それはグラディウスの保有者と、今は認められている証し。回廊攻撃の余波が生み出す苛烈な爆炎も雷光もグラディウスを持つ者を傷つけることは、決して無い。
「誰かには誰かの在り方が有り、植物が此れを蝕む術は無い。理解せよ。愛おしい仔よ。母親の抱擁に還る事を理解せよ。此れが今まで貴様等が為した『強制』なのだ。胎が減ったのは私も同じだと想像すべき。咀嚼され給え!」
胸に抱く万感を声に顕しユグゴトはグラディウスを叩きつける。蓄えられていたグラビティ・チェインが溢れ出て、無慈悲な破壊の力をまき散らす。——だとしても。
母は強い。
仔を守るから。
悪戯好きにはお仕置きせねば、抱擁せねば——。
底知れぬ情愛を孕んだ気配、津波の如き爆煙が緑の山並みを、灰色の絨毯を敷いたような色の無い景色へと変えて行く。
同じ頃、上空に昇り続ける炎と煙、赤と橙、黒のマーブル模様を裂くようにしながら、死道・刃蓙理(野獣の凱旋・e44807)も、降下を続けている。
熱い気持ちの本質とは一体何であるか? 漠然とした不安が心を過ぎる。
母に空腹を知らせる、赤子の叫びは、正に命懸けの叫び——あるいは信頼する存在が願いを叶えてくれないことに対する怒りや失望。
母であれば当然の様に、そのメッセージを直感または理解して、通常、全力で応じようとする。

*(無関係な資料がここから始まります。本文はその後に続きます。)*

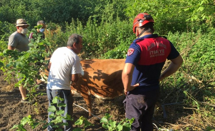 Bulunduğu yerden vinç yardımıyla kurtarılan inek, sahibine teslim edildi.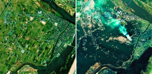 衛(wèi)星圖片顯示日本地震引發(fā)海嘯造成罕見災(zāi)難。左圖為2010年4月4日拍攝的日本natori地區(qū),右圖為2011年3月12日拍攝的地震海嘯襲擊過后的同一地區(qū)。

だが、赤の他人にとっては耳障りなノイズにしか感じられない場合もある。
「何が熱くて、何が熱くないかなんて、考えたこともありませんでしたが……」
直感できる、気持ちの強さと、理解する気持ちの強さの内、刃蓙理は理解をしようとした。
群馬県には友人繋がりで何度か足を運んだことがあります……。
つまり、魔空回廊なんてものはぶち壊すという事です……。
瞬きをする刹那に、グラディウスを叩きつけた。
閉じたはずの瞼を通して視界に入ってくる光に、切り絵の如くに映る毛細血管が枝分かれする未来を示唆しているような気がする。
「鶴のように舞い……鶴のように刺すッ!」
いついかなる時もそうありたい。叫びと共に叩きつけた、グラディウスがこの日三度目の破壊をまき散らす。
グラディウスの破壊の力が普通では無い危うさを孕んでいることは、多くの者が気づいている。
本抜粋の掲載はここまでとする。